When first it happened, she came here to weep. Blood was still flowing and mixed with her tears to drip into the water. That got my attention: grief and blood. Sacrifices very few ever make, although she did not know it for a sacrifice and there was no one to tell her.
Her friends urged her to wash her face in the lake and it did some good, made the healing faster, but in truth the scars will never be gone. There was too much force behind them and too much spite – that’s what makes them so deep, the spite. It bites not merely the flesh, but also the soul.
Kitty stares at her reflection, her features set in a determined way. She peers intently as if she might be able to see me through sheer force of will – she cannot although I lie right beneath her, studying her intently through the pane of water. The wounded woman opens her mouth and says, ‘Help me.’
Her tears start again and I can taste their salt as they drop down, forming ripples in my home.
‘Help me,’ she says again. ‘Mari-Morgan, please help me.’
I kick away but make no disturbance in the glassy stillness. Blood and tears she gave me already, all unknowing. For this reason alone I must make answer to her summons. She will ask something great of me, something I may not be able to deliver. I can only throw out an obstacle for her and hope she will give up.
Rising, I become visible, walking across the surface as if it is solid. I know how I must look to her when she’s so ruined. I can see my reflection in her large eyes: silver-green hair, silver-peach skin, eyes like a deep lake that cannot decide between blue or green or black, and a not-quite-stable outline. I ripple, I shimmer, my element is also my essence – in a bright light you might even see through me. I defy the eye to focus properly.

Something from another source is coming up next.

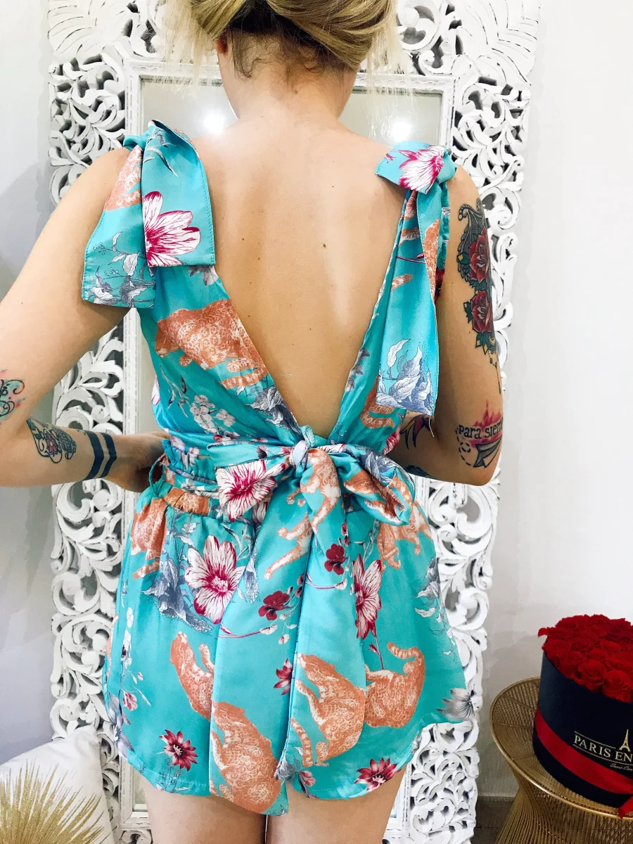 Completo versatile!! Puoi indossarlo come vuoi. Parte anteriore scollo a V con fiocco,schiena aperta e short in vita elasticizzato. Comodo e da tutti i giorni senza rinunciare al stile Ra Boutique che ti contraddistingue.

‘What would you have of me?’ I ask in a voice that sounds like a rushing flood. She shakes her head at this hoped-for appearance and I can see that she did not quite believe it would happen. All these years she has brought offerings to a creature she was not quite sure existed. I am both touched and vaguely annoyed.
‘Make him kind. Make him love me. Make him a good husband. Make my life better.’ Her long hands move to her scarred visage even though she seems not to notice. She doesn’t quite touch the wounds and they must ache still, stretching tight and itching as they dry and knit. Kitty knows how much she asks.
‘What will you give me?’ I ask, as if the dripping blood and flowing grief were not enough. ‘Nothing can be given without something in return, oh no.’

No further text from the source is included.